Track record
King's College, Cambridge — rebuilding a ten-year-old website without losing its audience
King's College's website had grown for a decade without a structural rethink. Content was everywhere, the design predated smartphones, and the College intranet was a separate site with its own hosting bill. On top of that, once a year the site takes a beating: the Festival of Nine Lessons and Carols draws tens of thousands of concurrent visitors from around the world, all at once, all on Christmas Eve.

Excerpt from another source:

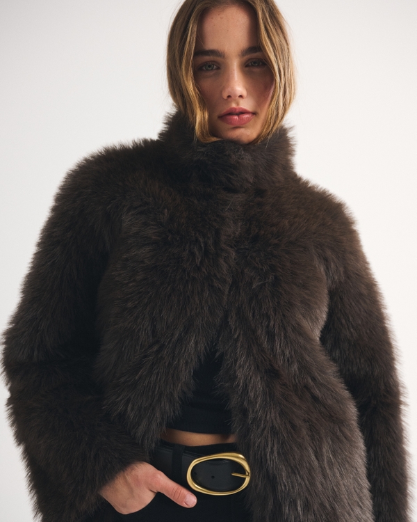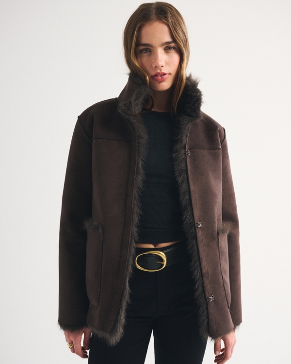 Our new mid-length coat offers two looks in one! This coat is reversible, with a soft faux fur fabric on one side and a vegan suede fabric on the other. Features a mockneck collar, hook and eye closures and patch pockets. Imported.

Over 18 months I reviewed and re-indexed every page, reorganised the content using analytics data on how people actually moved through the site, and built a new edit-in-place editorial interface so staff could design rich pages without third-party tools. The intranet was folded into the main site, killing a whole separate system. The new theme was mobile-first, and Apache was tuned specifically for the Christmas Eve spike.
The site survived its first Festival without drama, the editorial team stopped needing a developer for everyday changes, and the College stopped paying to run two websites.
MTR — Drupal 7 to Drupal 10 for platforms that couldn't stop trading
MTR runs trade-in and recycling platforms for phones and personal electronics, including campaigns for Samsung. The platforms were on Drupal 7, processed thousands of transactions a day during promotions, and handled the kind of data that has to be encrypted, processed on-site behind a firewall, and wrapped in fraud prevention. "Take the site down for a few weeks while we rebuild" was not on the menu.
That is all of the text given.